Vu la procédure suivante :
Mme B...A...a demandé au tribunal administratif de Nantes de condamner le département de la Vendée à lui verser premièrement une indemnité de licenciement sur la base d'une rémunération nette mensuelle d'un temps complet correspondant à l'indice majoré 548, deuxièmement, une indemnité équivalant à 2 ou 3 mois de traitement, complétés des congés payés, au titre du non-respect du délai de préavis et enfin une indemnité équivalant à un an de traitement au titre du préjudice subi en raison de son licenciement intervenu dans des conditions irrégulières.

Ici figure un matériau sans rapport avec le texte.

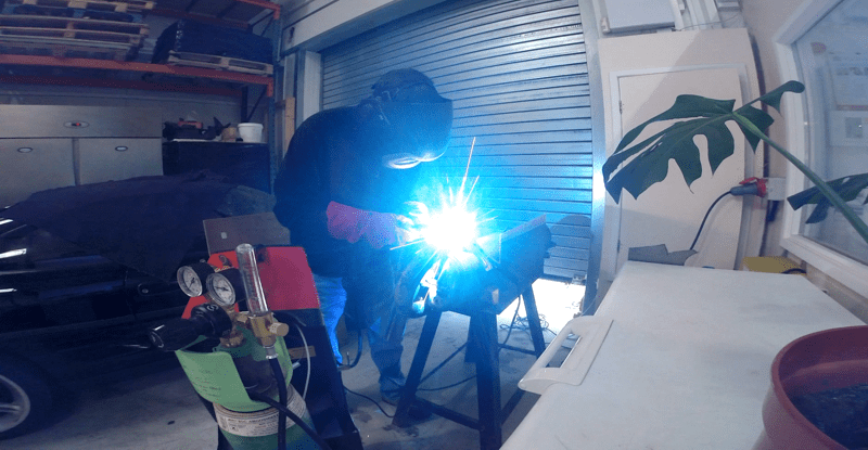 An action shot of welding the exhaust flange and photobombing by a cheese plant!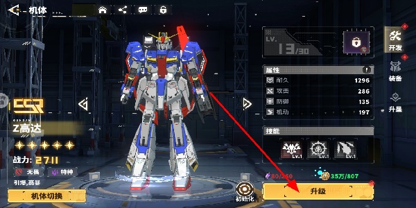 4、升级我方机甲,全面提升其性能,让机甲在战斗中更具强大威力,顺利通过各类高难度战斗关卡。

Par un jugement n° 08-4786 du 29 septembre 2011, le tribunal administratif de Nantes a, d'une part, condamné le département de la Vendée à payer à Mme A...la somme de 4 007,19 euros, avec intérêts au taux légal à compter du 15 mai 2008, correspondant au préjudice subi du fait du non-respect du délai de préavis de trois mois et, d'autre part, rejeté le surplus des conclusions de sa demande.
Par un arrêt n° 11NT03075 en date du 7 juin 2013, la cour administrative d'appel de Nantes a rejeté l'appel formé par Mme A...contre ce jugement en tant qu'il n'a pas fait entièrement droit à sa demande.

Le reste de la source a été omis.